Data extract >>
# # #

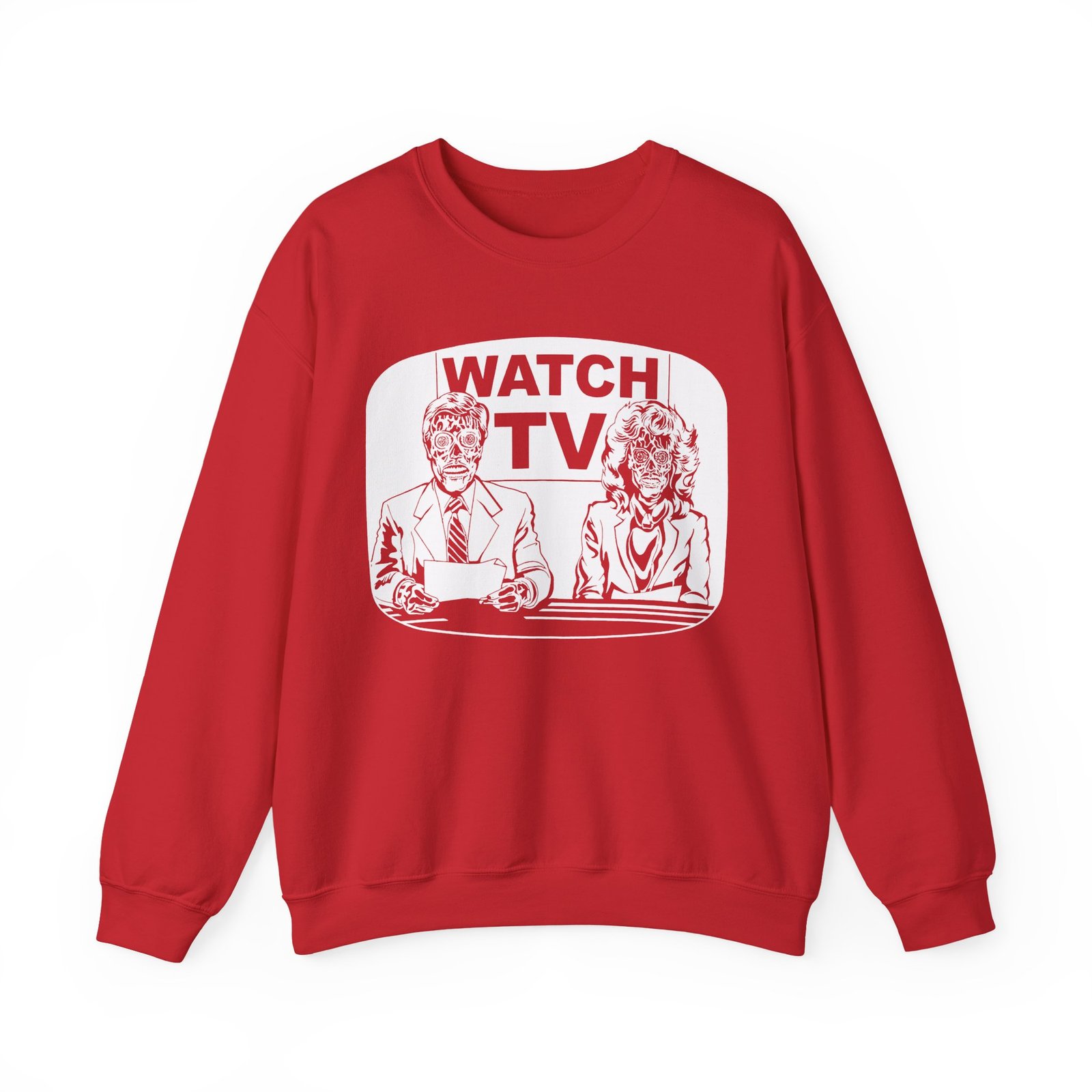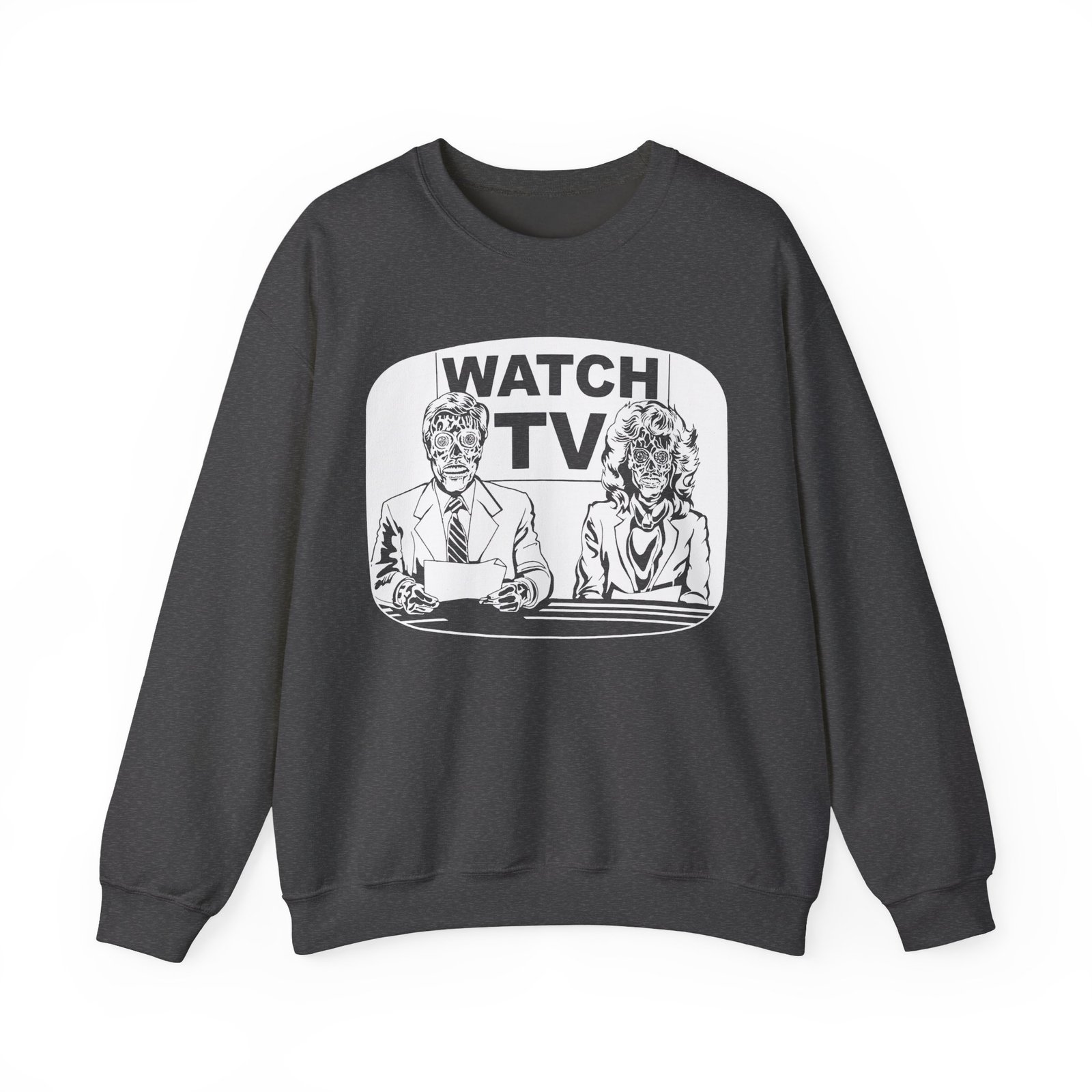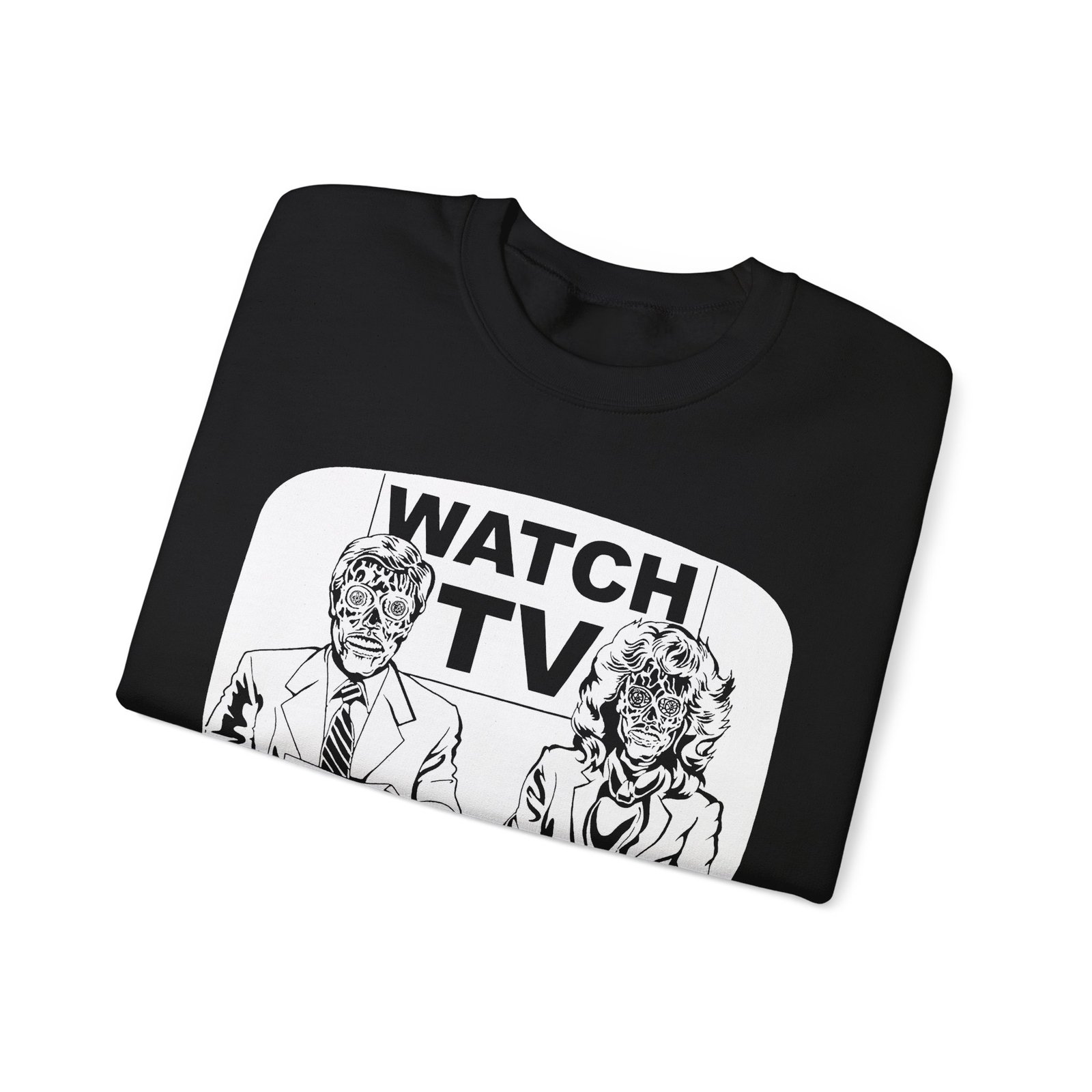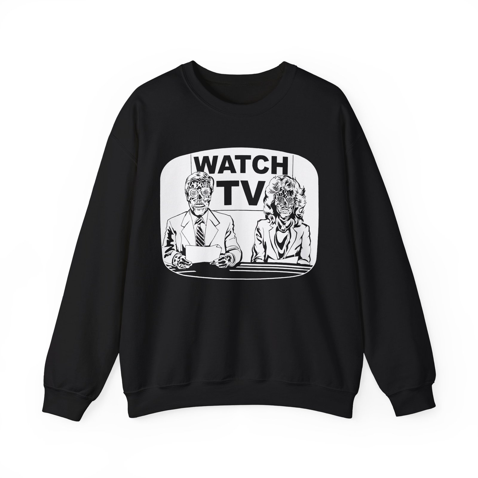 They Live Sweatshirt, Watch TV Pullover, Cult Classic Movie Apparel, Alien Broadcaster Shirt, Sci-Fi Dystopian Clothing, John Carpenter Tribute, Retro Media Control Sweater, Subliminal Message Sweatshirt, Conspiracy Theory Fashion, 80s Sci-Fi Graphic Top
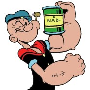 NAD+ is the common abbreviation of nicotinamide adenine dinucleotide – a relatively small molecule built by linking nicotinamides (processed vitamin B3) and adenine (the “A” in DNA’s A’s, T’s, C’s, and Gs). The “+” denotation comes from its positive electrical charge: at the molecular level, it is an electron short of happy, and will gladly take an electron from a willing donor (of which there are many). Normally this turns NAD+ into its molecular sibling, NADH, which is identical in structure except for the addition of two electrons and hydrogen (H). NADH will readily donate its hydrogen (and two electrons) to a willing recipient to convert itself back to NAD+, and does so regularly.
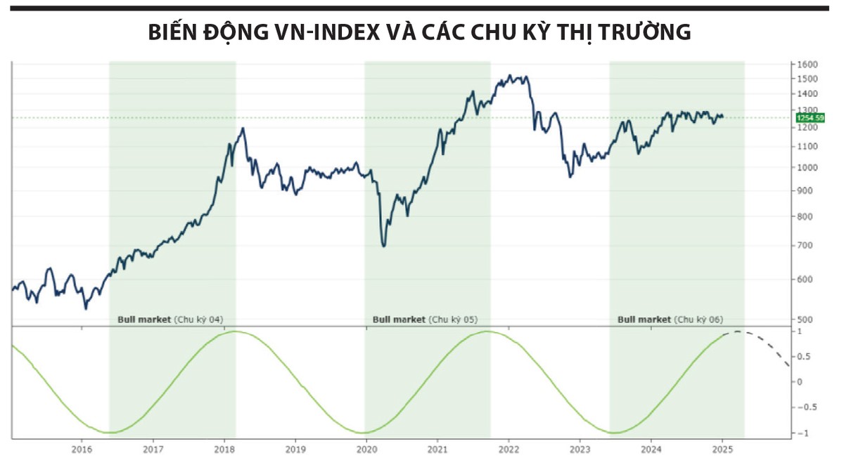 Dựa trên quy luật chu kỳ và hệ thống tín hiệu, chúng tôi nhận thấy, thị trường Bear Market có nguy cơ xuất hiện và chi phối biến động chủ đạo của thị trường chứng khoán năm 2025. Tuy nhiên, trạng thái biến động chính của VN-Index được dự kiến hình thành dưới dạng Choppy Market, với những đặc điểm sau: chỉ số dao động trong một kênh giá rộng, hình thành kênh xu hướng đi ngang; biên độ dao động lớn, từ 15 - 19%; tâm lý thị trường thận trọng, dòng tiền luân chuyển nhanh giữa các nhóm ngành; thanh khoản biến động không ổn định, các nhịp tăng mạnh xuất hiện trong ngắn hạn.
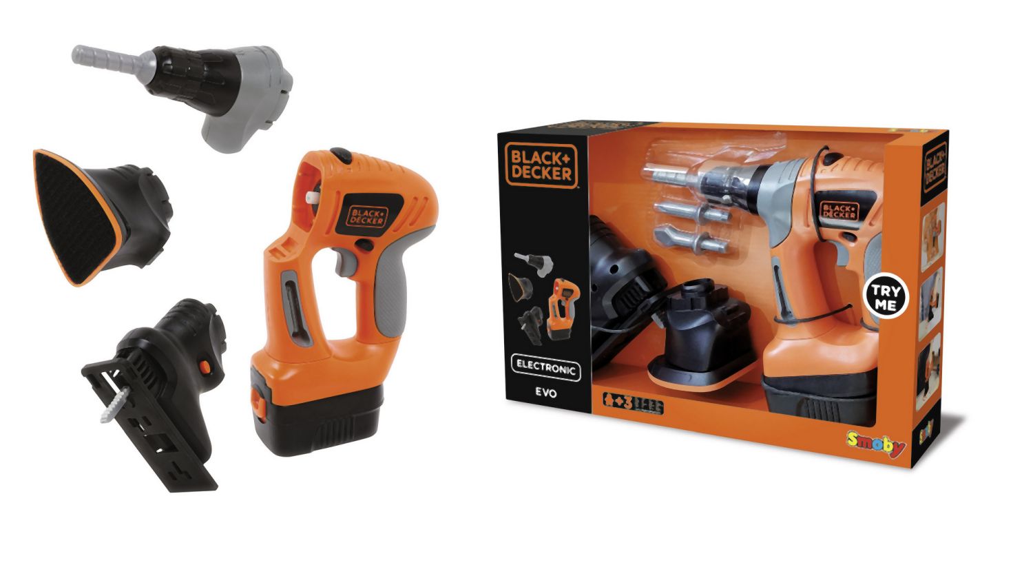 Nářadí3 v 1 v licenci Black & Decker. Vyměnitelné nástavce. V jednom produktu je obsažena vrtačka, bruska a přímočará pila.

# # #

Set down the entire material verbatim, with each picture left out.

 They Live Sweatshirt, Watch TV Pullover, Cult Classic Movie Apparel, Alien Broadcaster Shirt, Sci-Fi Dystopian Clothing, John Carpenter Tribute, Retro Media Control Sweater, Subliminal Message Sweatshirt, Conspiracy Theory Fashion, 80s Sci-Fi Graphic Top
 NAD+ is the common abbreviation of nicotinamide adenine dinucleotide – a relatively small molecule built by linking nicotinamides (processed vitamin B3) and adenine (the “A” in DNA’s A’s, T’s, C’s, and Gs). The “+” denotation comes from its positive electrical charge: at the molecular level, it is an electron short of happy, and will gladly take an electron from a willing donor (of which there are many). Normally this turns NAD+ into its molecular sibling, NADH, which is identical in structure except for the addition of two electrons and hydrogen (H). NADH will readily donate its hydrogen (and two electrons) to a willing recipient to convert itself back to NAD+, and does so regularly.
 Dựa trên quy luật chu kỳ và hệ thống tín hiệu, chúng tôi nhận thấy, thị trường Bear Market có nguy cơ xuất hiện và chi phối biến động chủ đạo của thị trường chứng khoán năm 2025. Tuy nhiên, trạng thái biến động chính của VN-Index được dự kiến hình thành dưới dạng Choppy Market, với những đặc điểm sau: chỉ số dao động trong một kênh giá rộng, hình thành kênh xu hướng đi ngang; biên độ dao động lớn, từ 15 - 19%; tâm lý thị trường thận trọng, dòng tiền luân chuyển nhanh giữa các nhóm ngành; thanh khoản biến động không ổn định, các nhịp tăng mạnh xuất hiện trong ngắn hạn.
 Nářadí3 v 1 v licenci Black & Decker. Vyměnitelné nástavce. V jednom produktu je obsažena vrtačka, bruska a přímočará pila.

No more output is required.